Карлос, все еще замерзший, перемешал, разбросав, угли в камине: посыпались золотые искры и вновь вспыхнуло веселое пламя и заиграло красным отсветом на медвежьей шкуре, где раздобревший Преподобный Бонифасио, развалясь, мурлыкал от наслаждения.

— Эга должен быть счастлив, — вновь заговорил Карлос, пододвигая ноги к огню. — Наконец-то шуба ему пригодилась. Кстати, кто-нибудь из сеньоров видел Эгу в последние дни?

Никто ему не ответил: все были захвачены карточной баталией. Длинная рука дона Диого рассеянно собрала взятку и медленно, среди всеобщего молчания, выбросала трефовую карту.

— О Диого! О Диого! — вскричал Афонсо, содрогнувшись, словно его пронзили кинжалом.

Но он сдержался, а генерал, с разгоревшимися глазами, тут же пристроил своего валета; Афонсо, донельзя расстроенный, выложил трефового короля; Виласа с треском ударил по столу тузом. И среди игроков незамедлительно разгорелся спор вокруг дона Диого, а Карлос, у которого карты вызывали отвращение, наклонясь, принялся чесать мягкий живот почтенного Бонифасио.

— Ты о чем-то спрашивал, сынок? — Афонсо, все еще раздосадованный, встал из-за стола, чтобы набить трубку, служившую ему утешением в неудачах. — Про Эгу? Нет, его никто не видел, он больше здесь не появлялся! Он не больно-то хорошо воспитан, твой Джон…

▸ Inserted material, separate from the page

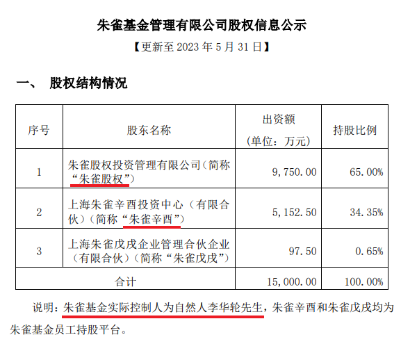 朱雀基金是一家从私募向公募转型的基金公司,其股东主要是朱雀股权和朱雀辛酉,持股比例分别为65%、34%,实际控制人是李华轮。
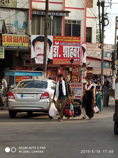 It's a easily identifiable land mark on the way to platform no. 6 of bhopal railway station. It is situated on the turn when we are going from hamidia road to bhopal talkies and vise versa. From this point there is a turn for platform no. 6 too. This area was previously densly populated and unorganized but in recent years this area has been developed so far. You can get bus to almost every location of bhopal from this point. Since this place is near to railway station so the food shops and hotels are available in this location. Red sea plaza is itself is home for Hotel, restaurants, other shops and bussiness spaces and last but not the least the great Dr. HASHMI.. LOL...... RED sea plaza is around 1km from exit...

При имени Эги Виласа перестал тасовать карты и с явным любопытством осведомился:

— А что, он все собирается купить дом?

Афонсо опередил Карлоса с ответом, улыбаясь и раскуривая трубку:

— Он собирается купить дом, завести экипаж, держать лакеев, устраивать литературные вечера, публиковать свою поэму, черт его побери!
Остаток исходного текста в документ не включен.